USING GENERATIVE ADVERSARIAL NETWORK AS A VALUE-AT-RISK ESTIMATOR
Leino, Akseli (2020-06-10)
USING GENERATIVE ADVERSARIAL NETWORK AS A VALUE-AT-RISK ESTIMATOR
Leino, Akseli
(10.06.2020)
Julkaisu on tekijänoikeussäännösten alainen. Teosta voi lukea ja tulostaa henkilökohtaista käyttöä varten. Käyttö kaupallisiin tarkoituksiin on kielletty.
avoin
Julkaisun pysyvä osoite on:
https://urn.fi/URN:NBN:fi-fe2020062946231
https://urn.fi/URN:NBN:fi-fe2020062946231
Tiivistelmä
Value-at-risk (VaR) estimation is a critical task for modern financial institution. Most methods to estimate VaR rely on classical statistical methods. They produce reliable estimates but there is demand for ever more accurate estimates. Recently there has been major breakthroughs for machine learning models in other fields. This has led to increasing interest in applying machine learning for financial applications. This thesis applies new data-driven machine learning method, generative adversarial network (GAN), for (VaR) estimation. GAN was proposed for fake image generation. Since then it has found applications in multiple domains, such as finance. Estimating the true underlying distribution of financial time series is notoriously difficult task. GAN doesn’t explicitly estimate the underlying distribution but tries to generate new samples from the distribution. This thesis applies a basic GAN model to simulate stock market returns and then estimate the VaR from these. The experiments are conducted on S&P500-index. The GAN model is compared to a simple historical simulation baseline. In the experiments it becomes evident that the GAN model lacks robustness and responds poorly to changes in market. The GAN is unable to fully capture the statistical properties of stock market returns. It can replicate a little of the excess kurtosis present in stock market returns and some of the volatility clustering. The results show that the GAN model has tendency to estimate the VaR between a fairly narrow range. This is in contrast to historical simulation, which can respond to changes in the stock market. Machine learning models, especially neural networks like GANs, present challenges to financial practitioners.

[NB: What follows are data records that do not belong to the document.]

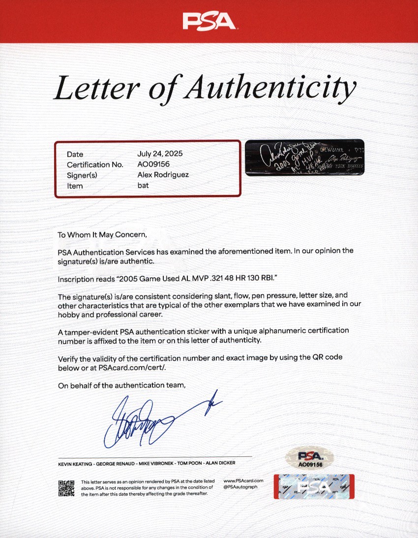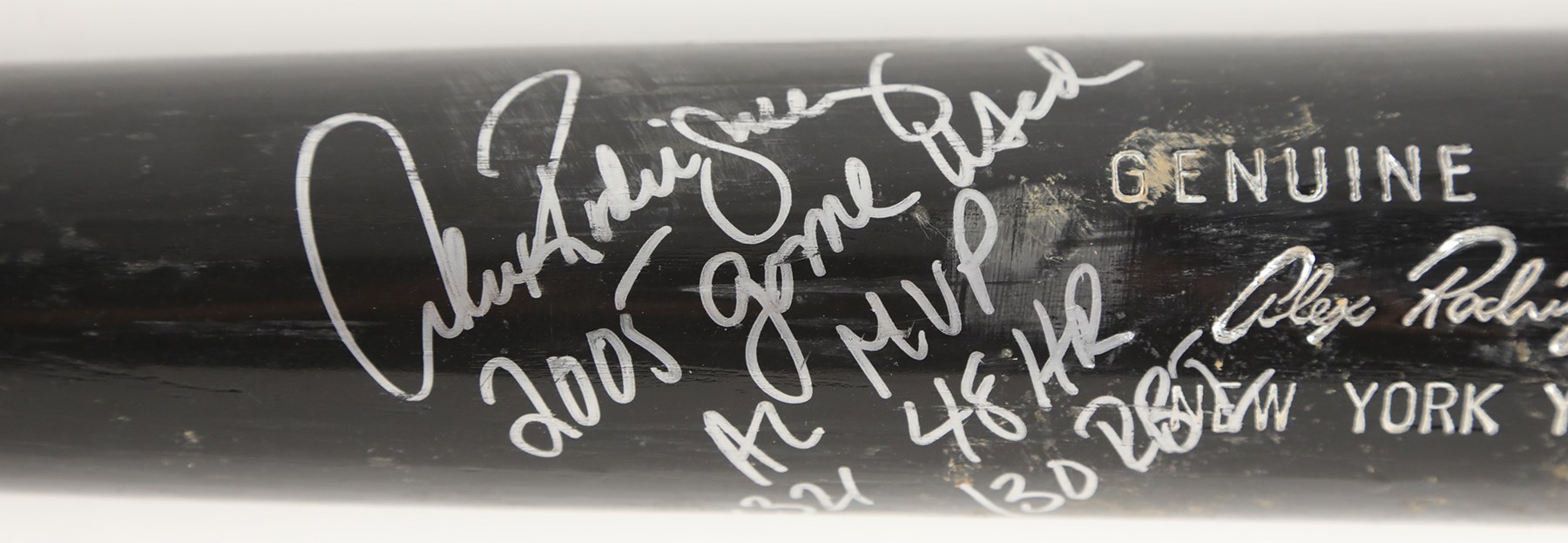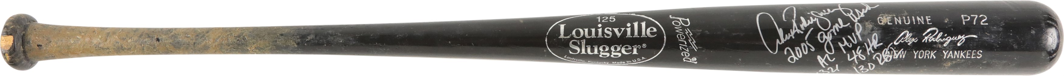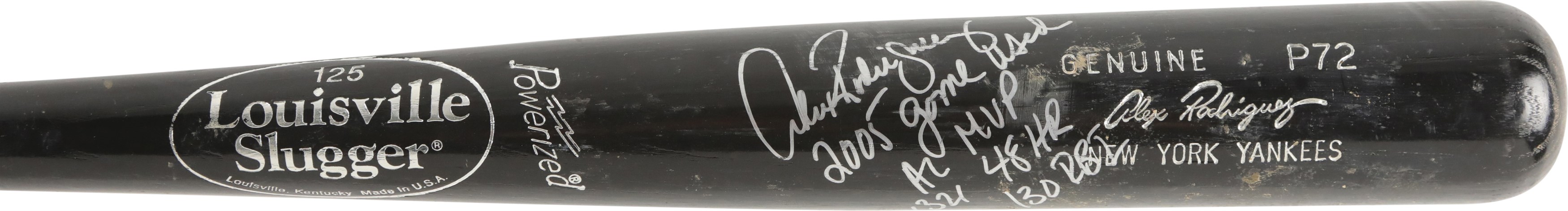 2005 Alex Rodriguez New York Yankees signed and inscribed game used bat. Louisville Slugger model P72 ash bat has natural handle with black barrel, measures 34.0" and weighs 30.7 ounces. Bat is uncracked and outstanding use is displayed with a small chip to the knob, glue residue or evidence of tape removal on the handle, and scattered ball impressions and wear throughout the barrel. A faded number that looks to be "31.6" (possibly the bat weight at order) is written on the knob in silver, and it is autographed between barrel stamp and trademark in solid 8/10 silver Sharpie; written below is "2005 Game Used - AL MVP - .321 - 48 HR - 130 RBI" also in silver. Indeed, A-Rod's numbers in '05 were dominant, earning the second of his three American League MVP awards and leading the Yankees to the AL East pennant. Comes with full PSA LOA, with the bat earning a perfect grade of PSA/DNA GU 10, along with a separate PSA LOA for the signature.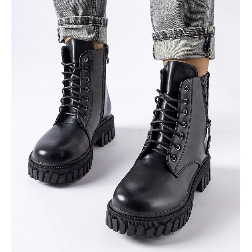 Détails: Bottines à lacets noires avec strass Latsch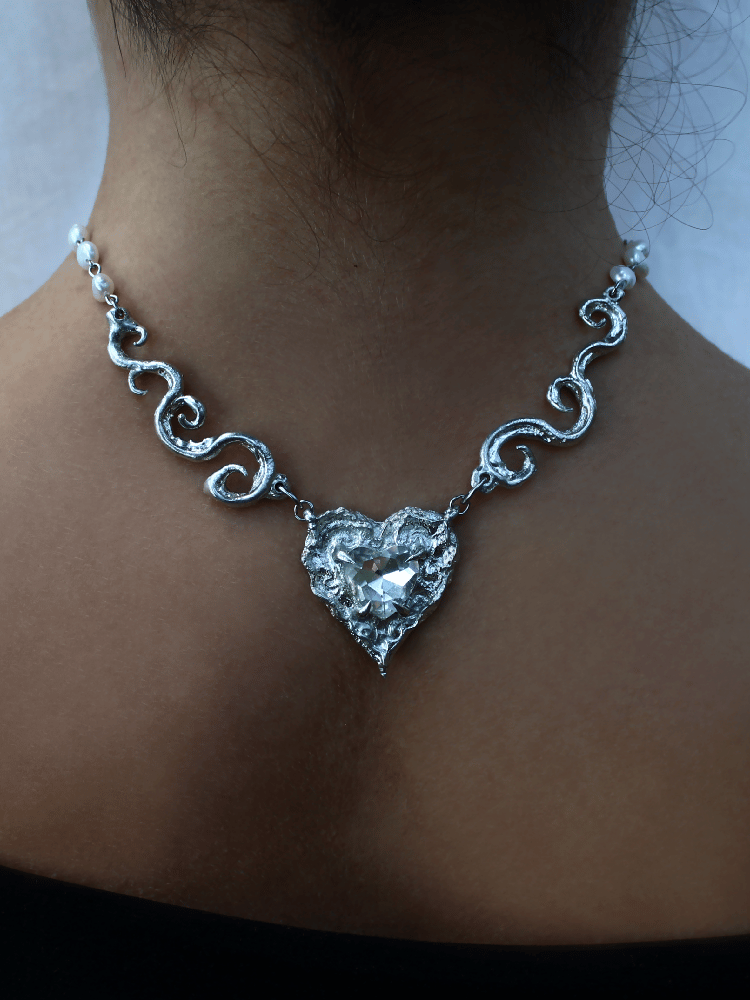Chain adorned with hand-sculpted spiral elements and genuine white freshwater pearls—each carefully selected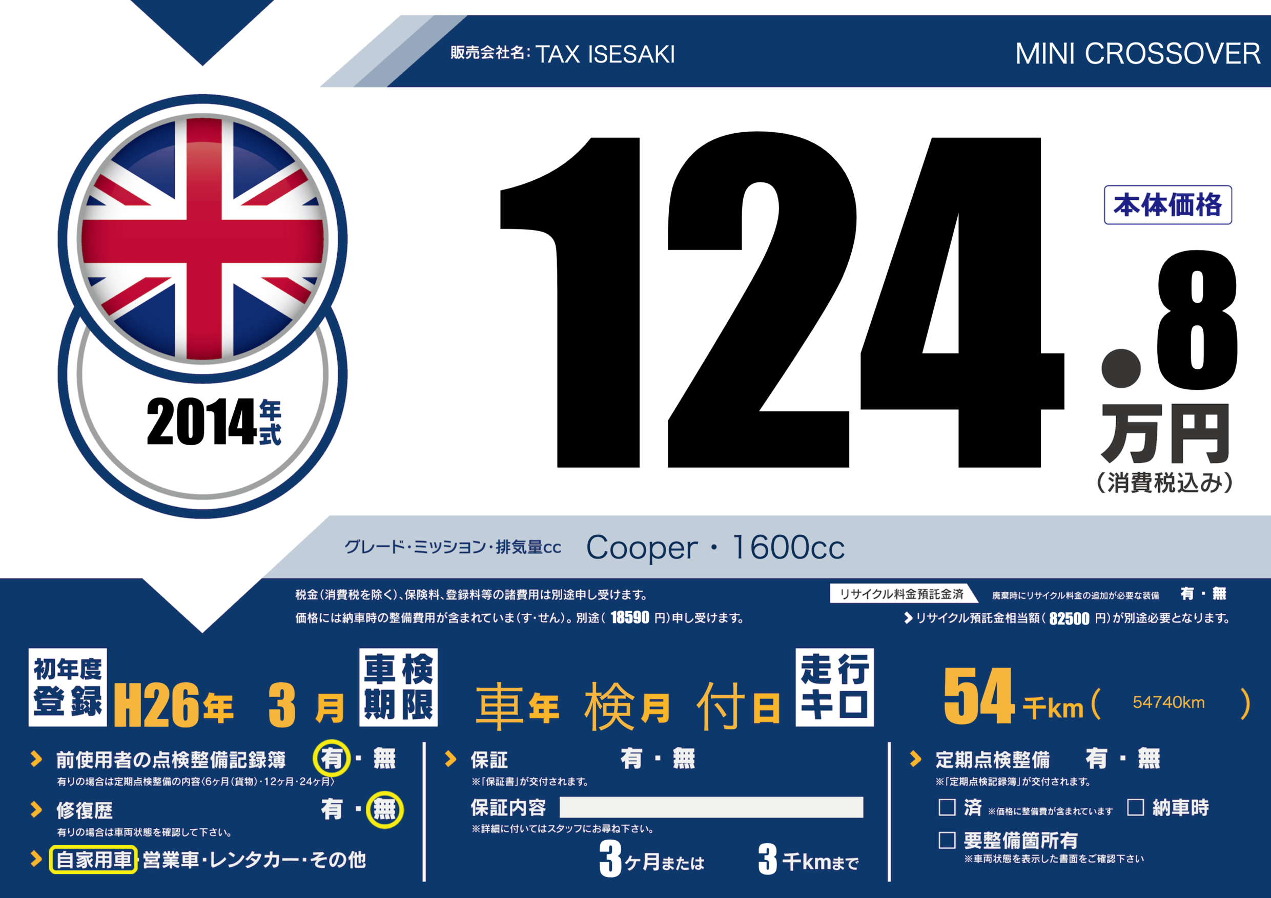 | 車名 | MINI CROSSOVER | グレード ミッション 排気量 |

Although they provide sometimes more accurate estimates than traditional methods, they lack transparency. GANs have shown promise in the literature but suffer from being unstable to train. It is difficult to guess will a trained GAN work as it is meant to work. Regardless of these shortcomings, it is worthwhile to study GANs and other neural networks in finance. They have performed exceptionally in other fields. Researchers must try to open the black-box nature of the models. Interpretability of the models will allow their use in the financial industry. This thesis shows that more research is needed to provide robust estimates that can be relied on.